At no time during the proceedings did any of the parties raise the issue of distinguishing between United Sates Dollars and Canadian Dollars. However, as a matter of standard practice, claims asserted regarding business dealings transacted in Canadian funds result in awards that are calculated in Canadian Funds.
Accordingly, should any of the parties have claims and/or proofs that relate to the currency issue and for that matter any other claims that the parties wish to be resolved by the Rabbincal Court, please contact the Court Clerk, to schedule a hearing before the Rabbincal Court.
[23] The beth din wrote the parties a further letter dated June 7, 2017, which stated:
The Bais Din has ordered that the [Award] is stayed until Popack comes back to the Bais Din for a hearing to determine Lipszyc's claim, that Popack continuously breached the Arbitration Agreement, and what are the consequences for breaching the Arbitration Agreement.
III. The Reasons of the Application Judge
[24] The application judge heard the application to recognize the Award at the same time as a motion by the respondents to stay recognition of the Award.
[25] The respondents opposed the application to enforce on the basis the Award had not yet become "binding" on the parties within the meaning of art. 36(1)(a)(v) of the Model Law and art.
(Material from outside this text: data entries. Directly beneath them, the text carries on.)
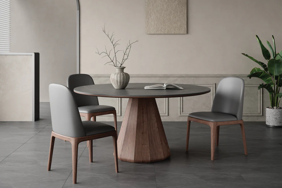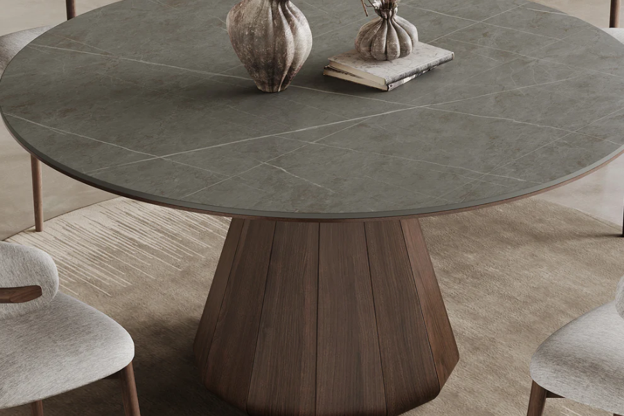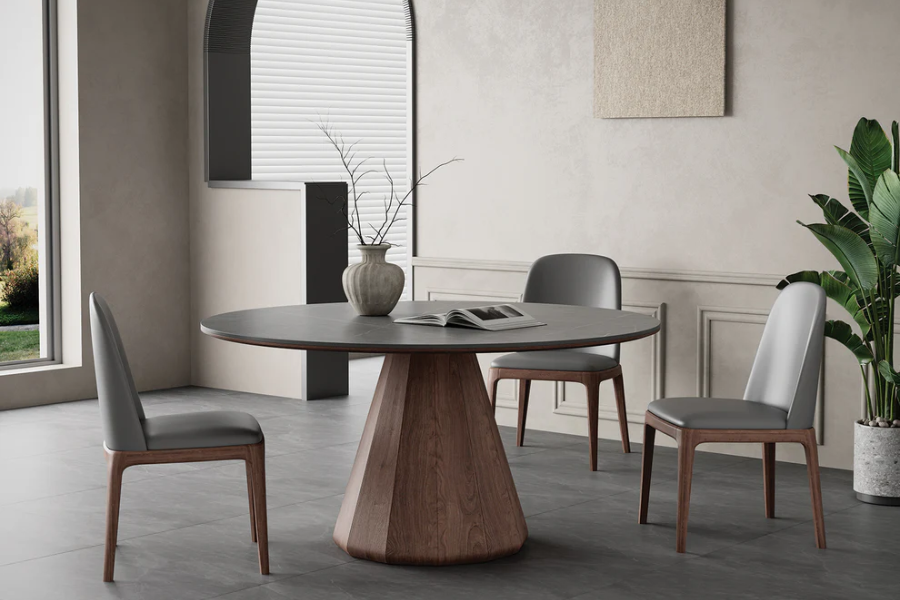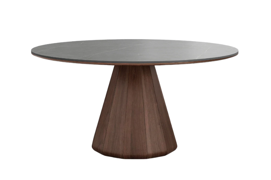 The Casabianca Home Eric 53 in round dining table with walnut base and gray marbled ceramic top offers a blend of adaptable style and comfort boasting a modern design that seamlessly complements your dining room decor.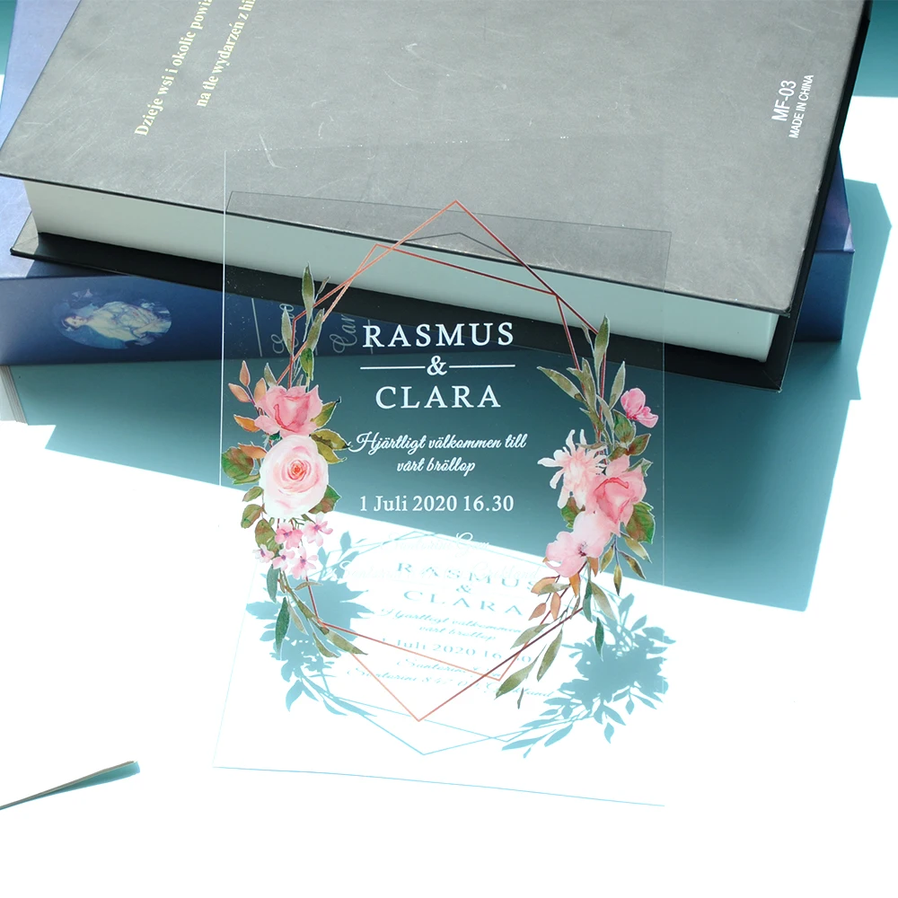 Новый дизайн пользовательских арабских прозрачных карт 10 шт элегантные тонкие ПВХ свадебные пригласительные открытки дешевая цена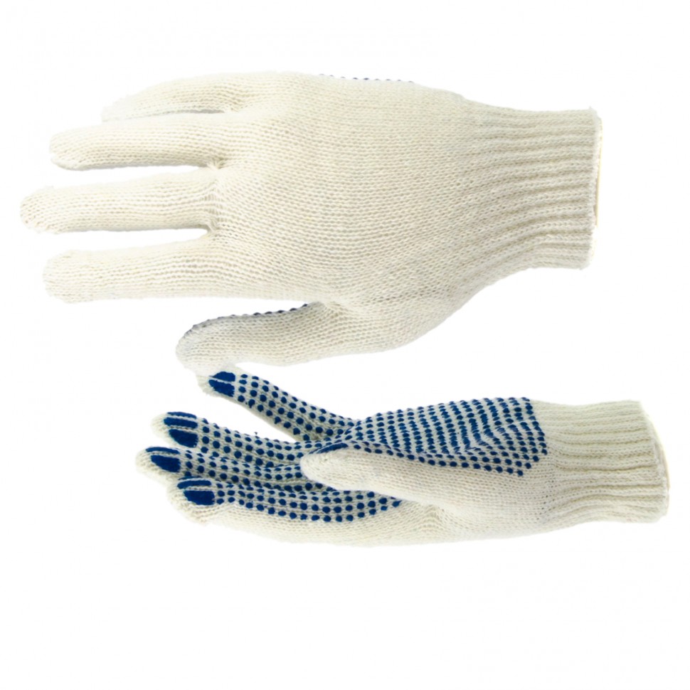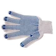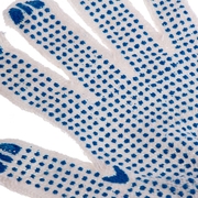 Перчатки трикотажные кругловязаные с ПВХ-нанесением в виде точек и эластичными манжетами.
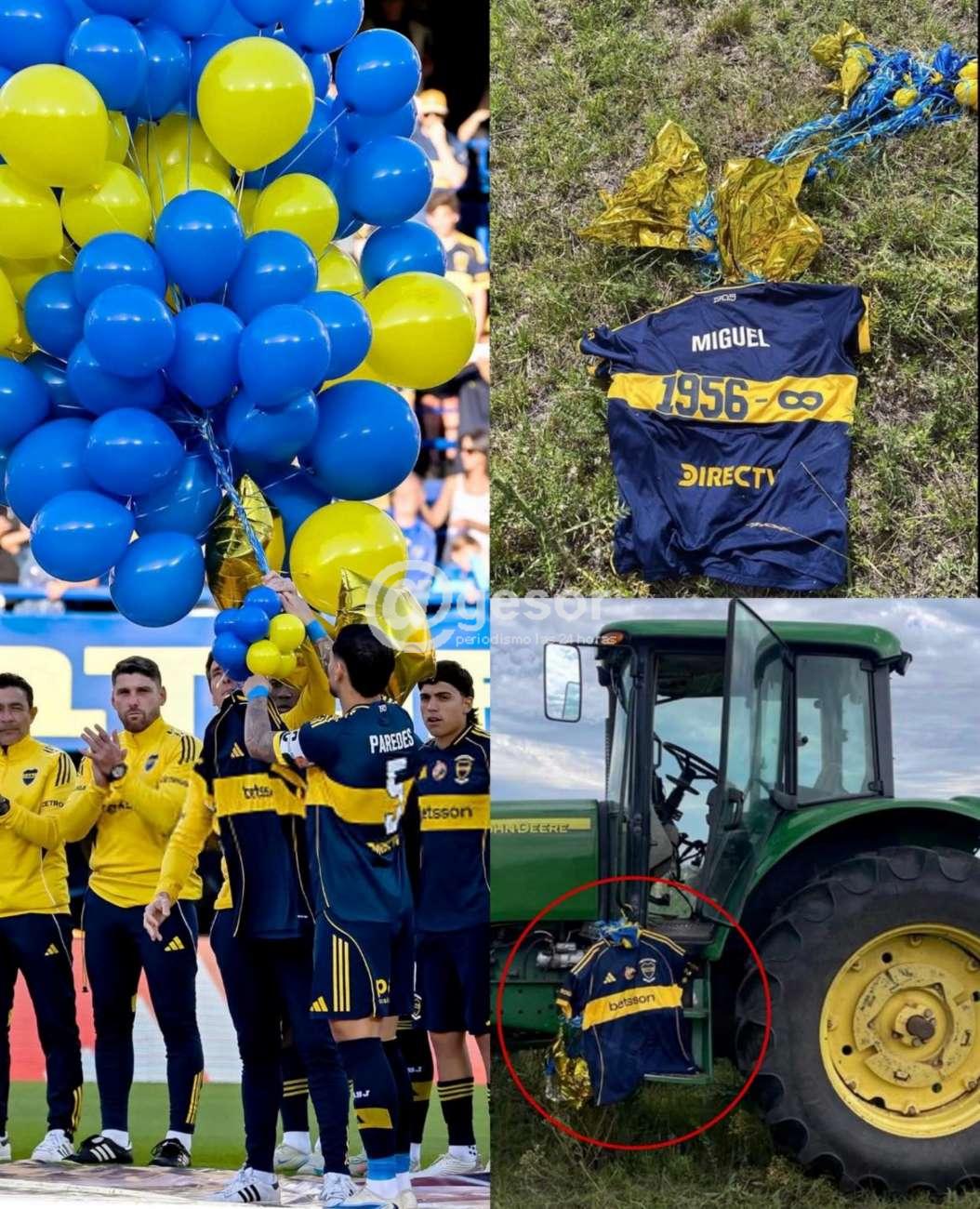 “La camiseta que Boca Juniors lanzó al cielo en homenaje a Miguel Ángel Russo cayó nada más y nada menos que en Cañada Nieto, nuestro querido pueblo.

V(1)(e) of the Convention.
[26] The application judge accepted the respondents' position. He identified three reasons why the Award was not "binding" on the parties: (i) he disagreed with Mr. Popack that at the time of his application to enforce there was an absence of any pending proceeding to appeal the award; (ii) he found that Mr. Lipszyc had expressed an intention "to pursue further issues related to the subject matter arbitrated" (para. 12); and (iii) the two post-Award statements from the beth din indicated that the arbitration process was not yet complete and the arbitral tribunal was not functus officio: at para. 13.
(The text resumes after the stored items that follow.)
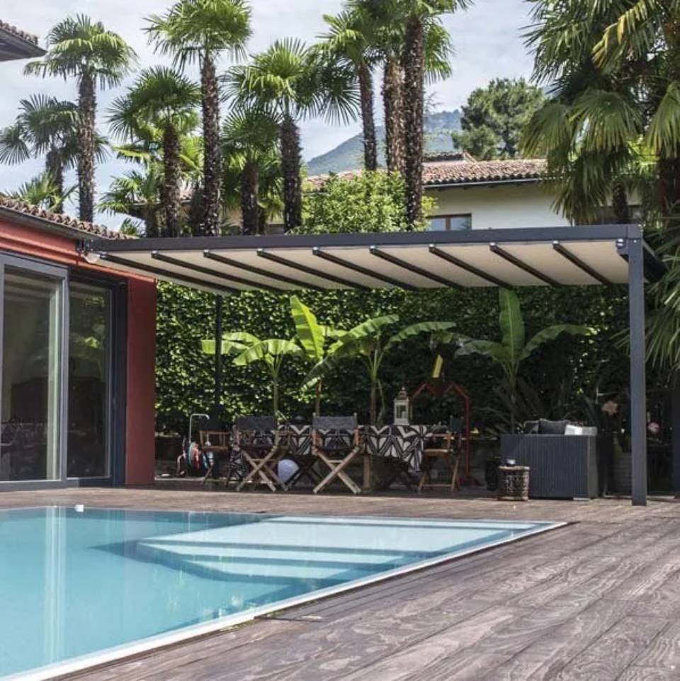 Strutture ideali per trasformare il vostro spazio esterno in un elegante spazio coperto. Queste stutture permettono di lasciare le lamelle chiuse per riposare all’ombra, socchiuse o aperte per godersi il sole pomeridiano. Queste strutture possono dare un tocco di unicità e qualità al classico pergolato, integrandoli con tende oscuranti, luci led o riscaldamento.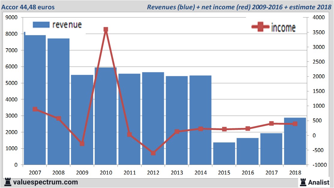 Accor wird morgen die Ergebnisse des letzten Quartals veröffentlichen. Für das aktuelle Geschäftsjahr wird von den Analysten ein Gesamtumsatz von 2,88 Mrd. Euro prognostiziert. Das ist viel mehr als der Ertrag im Jahr 2017 in Höhe von 1,94 Mrd. Euro.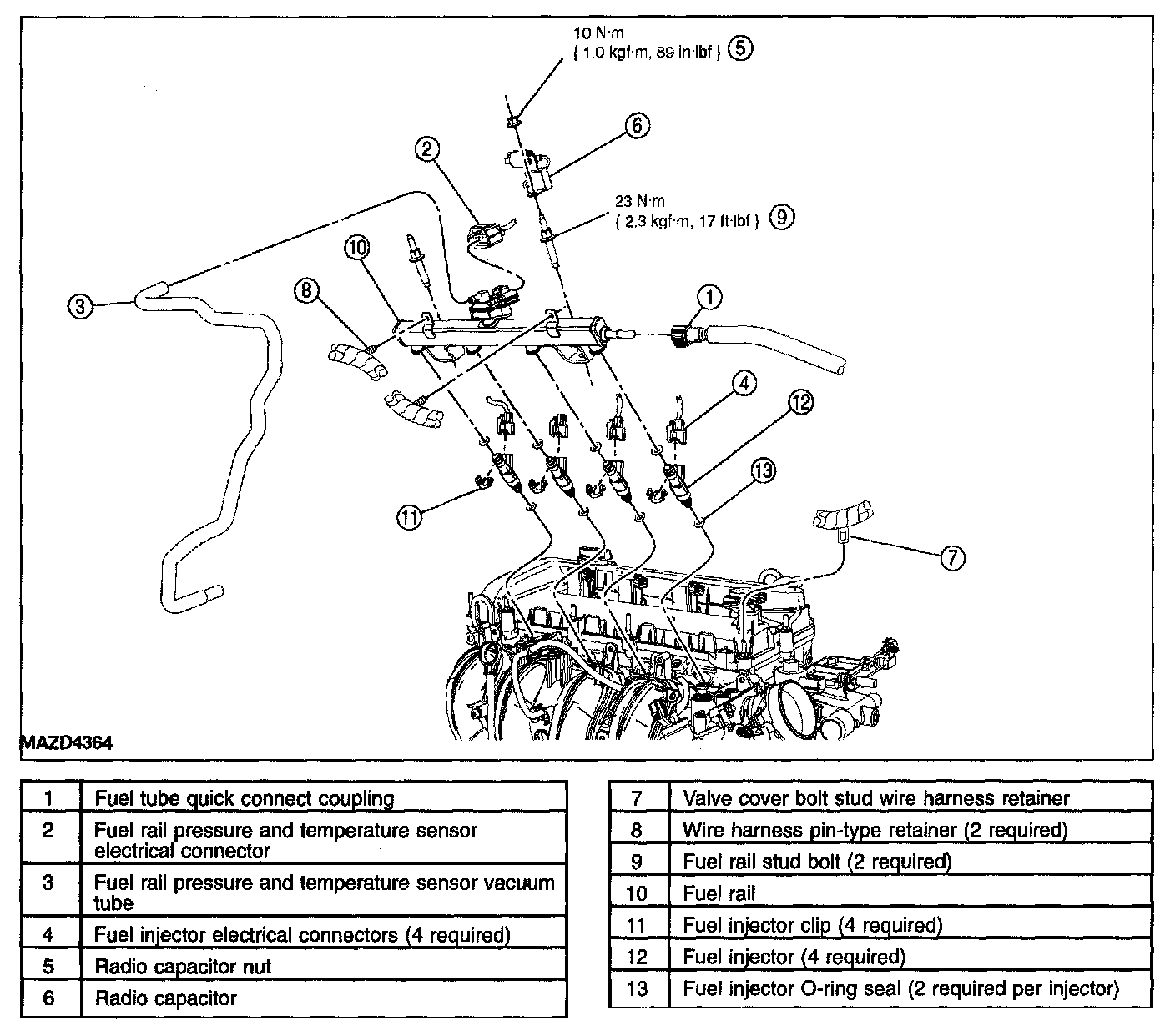 Fuel Rail And Fuel Injector-2.3L Exploded View:

[27] The application judge dismissed both the appellants' application for recognition and the respondents' motion to stay recognition of the Award.
IV. Positions of the Parties
The appellants
[28] Mr. Popack submits the application judge erred in finding that the Award had not yet become binding on the parties within the meaning of art. 36(1)(a)(v) of the Model Law. In making that finding, the application judge committed three errors: (i) he ignored the mandatory rules in arts. 32 and 33 of the Model Law concerning the termination of arbitral proceedings; (ii) he improperly deferred to the beth din's view about the nature of the Award when, under the Model Law, it is the courts who determine whether an award is binding; and (iii) he failed to recognize that the matters raised by Mr. Lipszyc following this court's 2016 order were new issues, which did not affect the binding nature of the Award.
The respondents
[29] The respondents submit the application judge reasonably concluded that the Award was not yet binding because after the release of this court's 2016 decision it was apparent both sides were asking the tribunal for an interpretation of the currency in which the Award was denominated and to decide the post-Award cost issues.
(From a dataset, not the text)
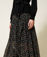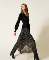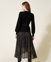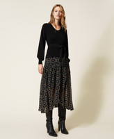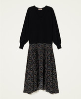 Effetto trompe l’oeil per l’abito lungo made in Italy in maglia seamless di viscosa stretch con collo ampio tondo, maniche lunghe con polsino a coste e inserto in georgette a gonna con stampa logo Oval T floreale all over, disegno esclusivo Twinset. L’inserto a gonna è arricciato e foderato in crêpe de Chine. Da completare con stivaletti o tacchi alti a seconda dell’occasione.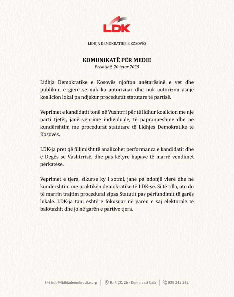 Në një komunikatë për media, LDK thekson se veprimet e kandidatit të saj në Vushtrri për të lidhur koalicion me një parti tjetër janë individuale, të papranueshme dhe në kundërshtim me rregullat e brendshme të partisë.

[30] The respondents contend an award cannot be binding when it is ambiguous and the tribunal has not yet declared the proceedings terminated. A party's request for costs or clarification of the currency of an award should be treated in the same fashion as a court challenge to set aside an award. Therefore, it was reasonable for the application judge to conclude the award was not yet binding because the tribunal had not yet determined whether it had fully adjudicated all issues.
V. Standard of Review
[31] The interpretation of a statute, such as the ICAA and its schedules, involves a question of law reviewable on a correctness standard: Housen v. Nikolaisen, [2002] 2 S.C.R. 235, [2002] S.C.J. No. 31, 2002 SCC 33, at para. 8; and Wilk v. Arbour (2017), 135 O.R. (3d) 708, [2017] O.J. No. 164, 2017 ONCA 21, at para. 18. Deference, however, is shown to a court's determination of mixed questions of fact and law, such as the application of the statute to the circumstances of the case or the interpretation of an arbitration agreement: 6524443 Canada Inc. v. Toronto (City), [2017] O.J. No. 3045, 2017 ONCA 486, 415 D.L.R. (4th) 475, at para. 11.
[32] The respondents contend that deference is owed to the application judge's interpretation of the ICAA and its schedules, including the Model Law. They point out that in its endorsement in 6524443 Canada this court stated, at para. 11, that the reasonableness standard applied to the motion judge's interpretation of an arbitration agreement because her "interpretation involved, as an integral part of the interpretation process, consideration of the meaning of the provisions of the relevant arbitration statutes. This was not however an 'extricable' legal issue, that would be reviewable on a standard of correctness."
[33] I read the endorsement in 6524443 Canada in a different way. This court's statement was directed to the specific circumstances of that case, which did not call for an interpretation of the applicable domestic arbitration legislation but turned on the interpretation of the language of the particular arbitration agreement.
[34] By contrast, the present case is concerned with the interpretation of the recognition and enforcement provisions of the Model Law, in conjunction with the provisions of the Model Law concerning the termination of proceedings (art. 32) and the correction of awards (art. 33). These are issues with a high degree of generality, having implications beyond the parties and their specific arbitration agreement. Consequently, they are questions of law and the correctness standard applies: Sattva Capital Corp. v. Creston Moly Corp., [2014] 2 S.C.R. 633, [2014] S.C.J. No. 53, 2014 SCC 53, at para. 51. As this court recently stated, the standard of review applicable to the "interpretation of the Model Law and ICAA, as an issue of law", is correctness: Trade Finance Solutions Inc. v. Equinox Global Ltd., [2018] O.J. No. 113, 2018 ONCA 12, 420 D.L.R. (4th) 273, at para. 31.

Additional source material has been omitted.